→ **Activity**
Using the records that follow, reproduce exactly the lines starting at the line containing "BEIGE DOBBY 3PC" and ending at the line containing "Hier bietet sich". Include both end lines and no pictures.

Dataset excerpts
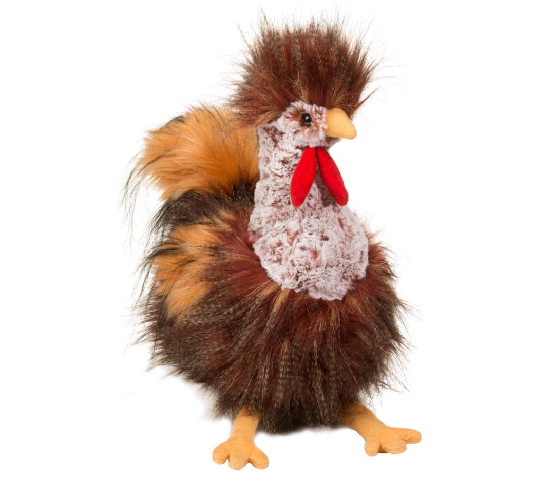 Cock-a-doodle-doo!! Ricardo the Rooster stuffed animal is here to herald in a fresh new day! He’s one rooster that’s happy on the farm or in your home. And with his ultra soft materials and playful floppy body, you’ll want to invite him over right away. Crafted with specialty fabrics that mimic the pattering of feathers and realistically finished with alert, black eyes and a bright red wattle, this beautiful plush bird is ideal for cuddly hugs. Perfect for playtime adventures or aficionados of our feathery friends, Ricardo the plush Rooster is sure to get fans crowing about him!
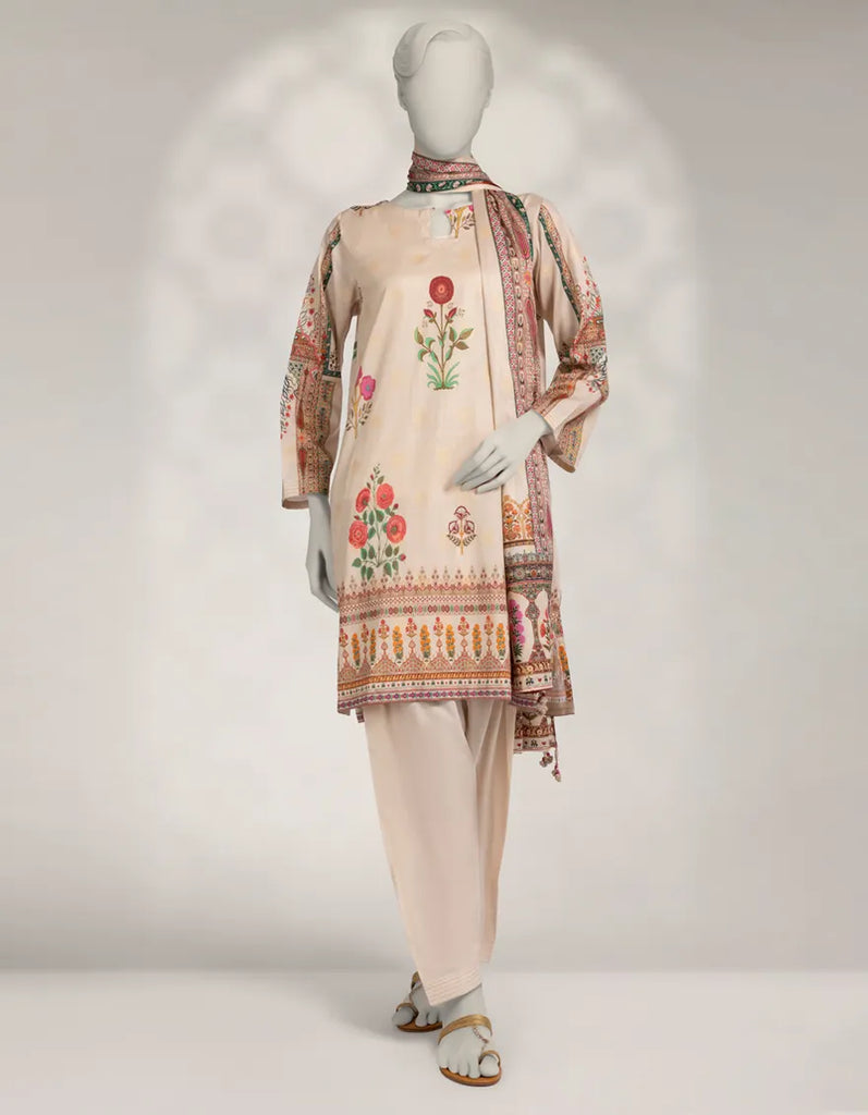 BEIGE DOBBY 3PC STITCHED | JLAWN-W-25-318/S VINTAGE FLORAL-02
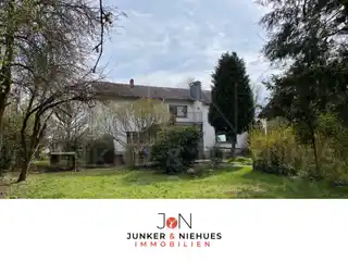 Hier bietet sich Ihnen ein Stück Gesichte. Dieses Gebäude wurde ca. 1883 erbaut und seitdem erweitert. Es handelt sich um ein Zweifamilienhaus mit zwei Etagen. Auf ca. 267 m² Wohnfläche verteilen sich fünf Schlafzimmer, zwei Bäder, zwei Küchen, zwei Wohnzimmer und zwei separate Esszimmer. Im Erdgeschoss gelangt man über das Wohnzimmer und über das Esszimmer auf die Terrasse und somit in den Garten. Im Obergeschoss stehen zwei Balkone zur Verfügung. Zu dem Haus gehören zwei Garagen neben dem Haus. Das Grundstück beinhaltet zwei Flurstücke. Auf den hinteren Grundstücken könnte eine Gewerbebebauung möglich sein.
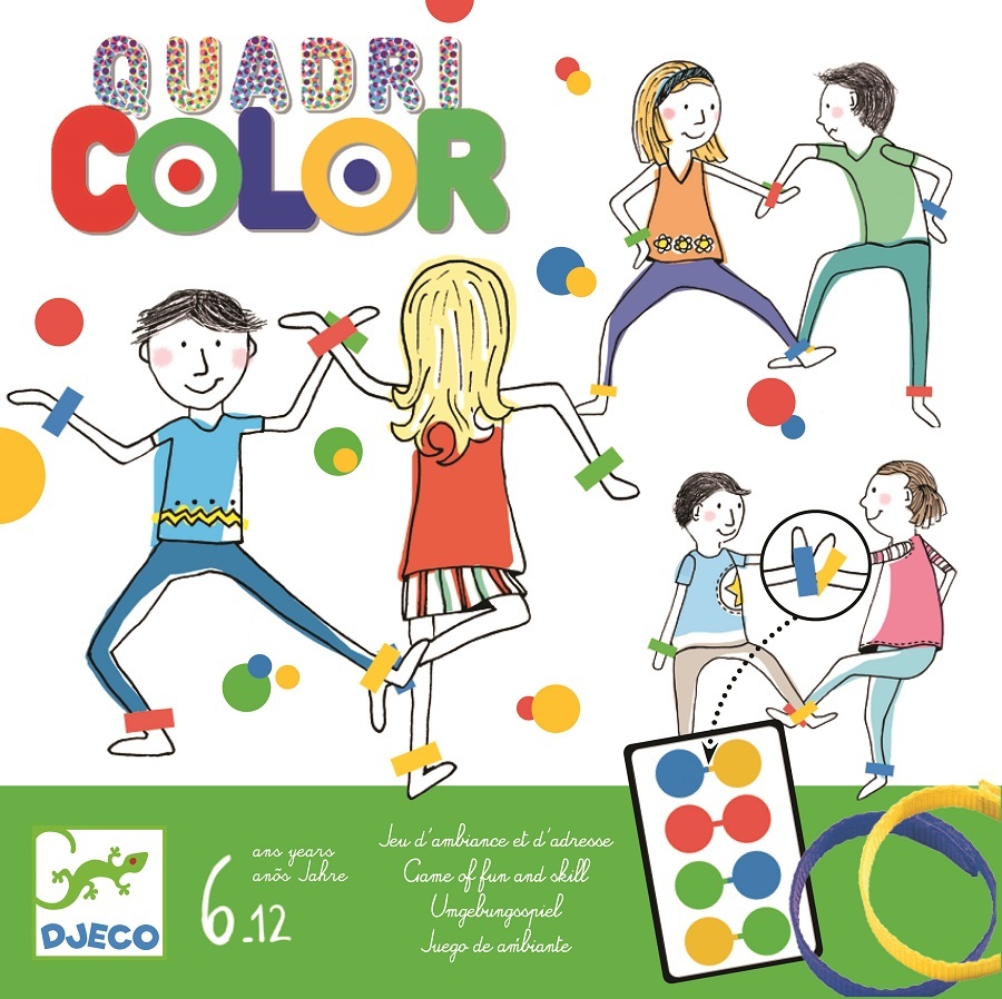 Quadri color je společenská akční hra pro dva týmy. Týmy si dají různě barevné náramky na zápěstí a kotníky. V průběhu hry pak musí tvořit, co nejrychleji, dané kombinace zobrazené na kartě.Obsah: 24 karet, 24 barevných náramků (6 žlutých, 6 modrých, 6 červených a 6 zelených).Věk: od 6 letPočet hráčů: 4-6 hráčůRozměry balení: 21,5x21,5x3cm
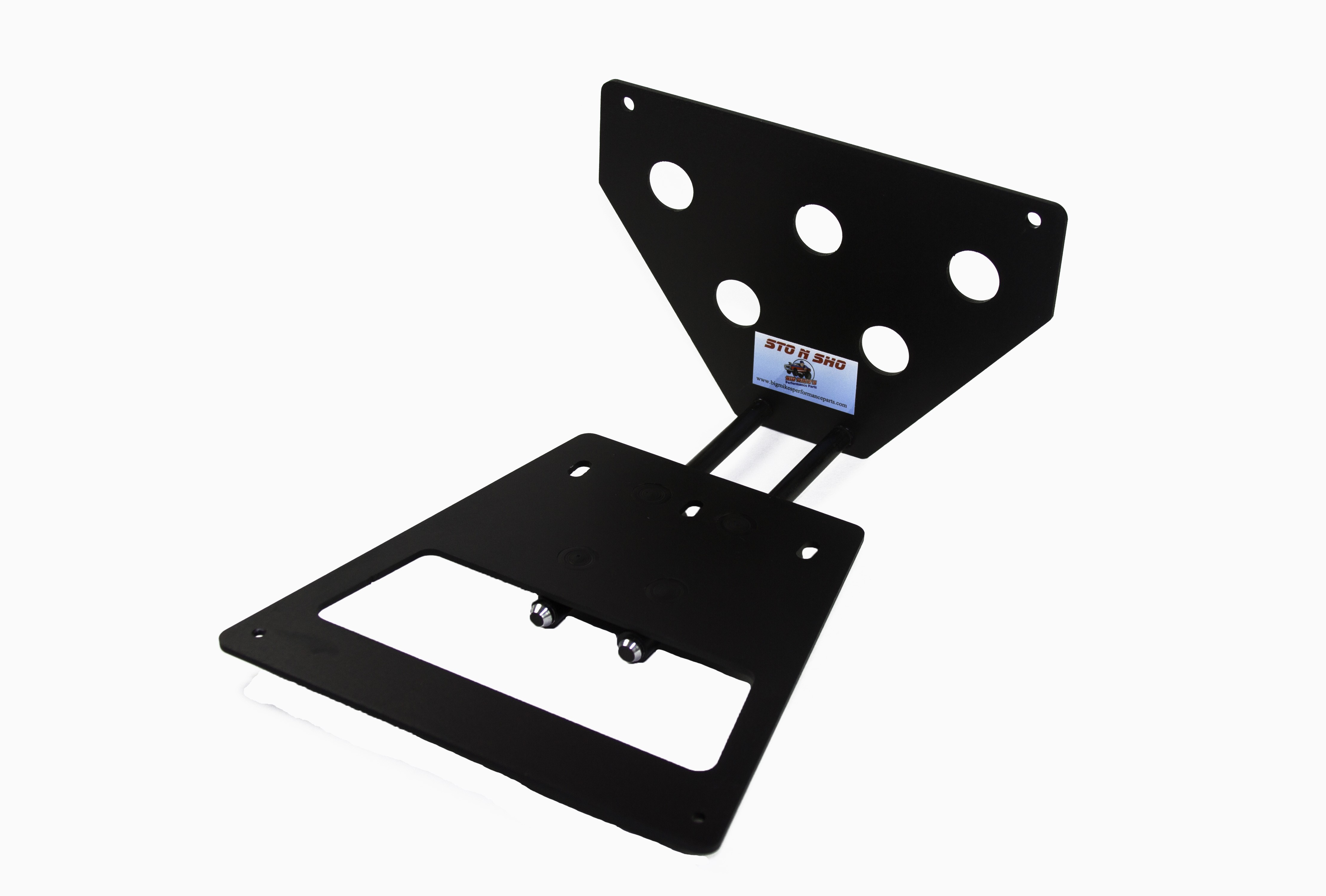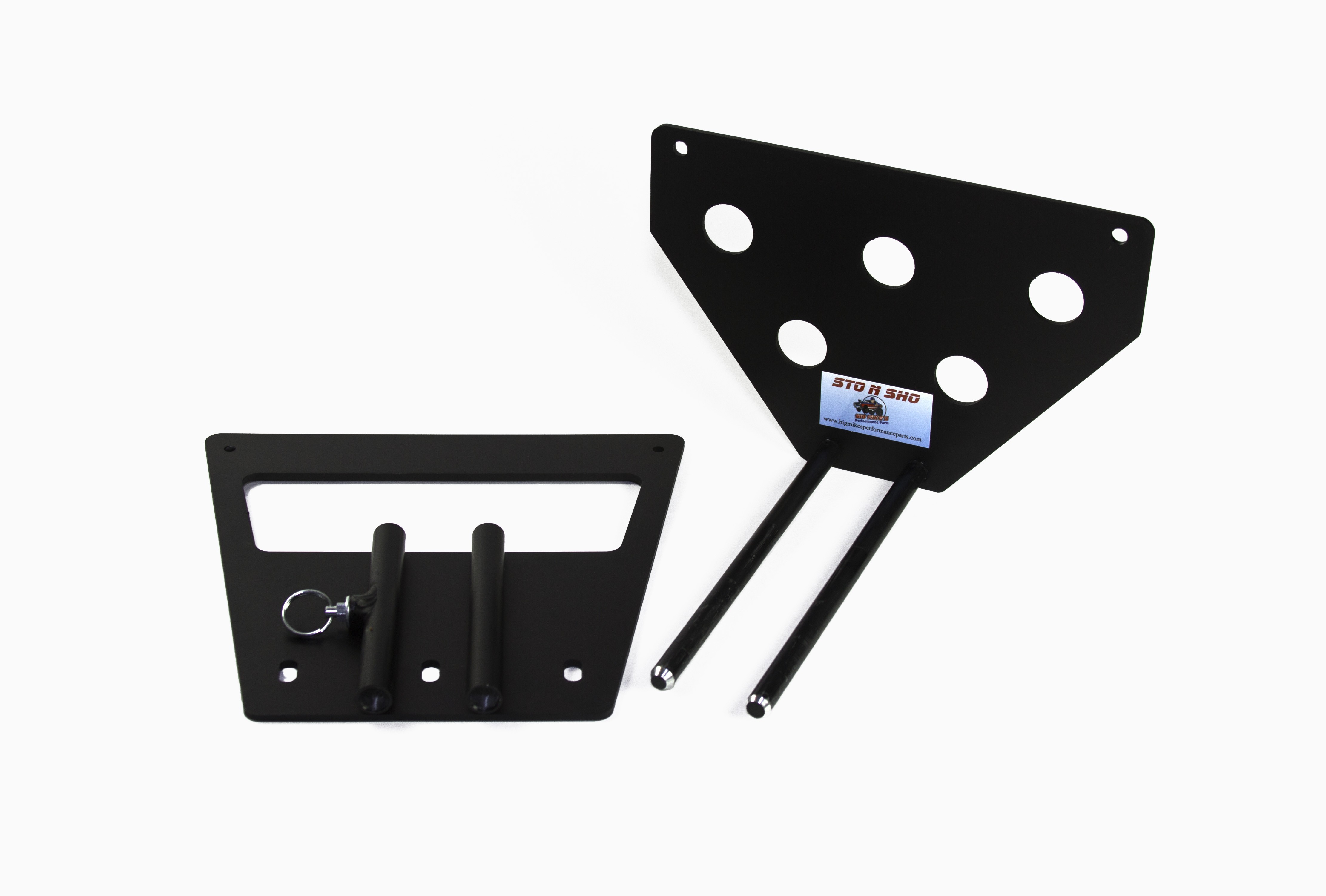 Big Mike’s Performance Parts, a California based business, is owned and operated by Mike McKinney, a retired disabled veteran of the United States Air Force. Mike had 2 goals in mind when he designed the patented (US9056590) STO N SHO® aftermarket quick release front license plate bracket. The first goal was to create a bracket for those customers who want to maintain the look and character of a high performance vehicle without doing permanent damage to the front of their vehicle. The second was to comply with state laws of those states requiring a front license plate to be displayed at all times. Mike designed the patented STO N SHO® aftermarket quick release front license plate bracket for high performance vehicle owners that want the ability to STO the front license plate from time to time to SHO the beauty and performance of modern muscle, performance and luxury cars on the road today.

→ **Answer to this problem**
 BEIGE DOBBY 3PC STITCHED | JLAWN-W-25-318/S VINTAGE FLORAL-02
 Hier bietet sich Ihnen ein Stück Gesichte. Dieses Gebäude wurde ca. 1883 erbaut und seitdem erweitert. Es handelt sich um ein Zweifamilienhaus mit zwei Etagen. Auf ca. 267 m² Wohnfläche verteilen sich fünf Schlafzimmer, zwei Bäder, zwei Küchen, zwei Wohnzimmer und zwei separate Esszimmer. Im Erdgeschoss gelangt man über das Wohnzimmer und über das Esszimmer auf die Terrasse und somit in den Garten. Im Obergeschoss stehen zwei Balkone zur Verfügung. Zu dem Haus gehören zwei Garagen neben dem Haus. Das Grundstück beinhaltet zwei Flurstücke. Auf den hinteren Grundstücken könnte eine Gewerbebebauung möglich sein.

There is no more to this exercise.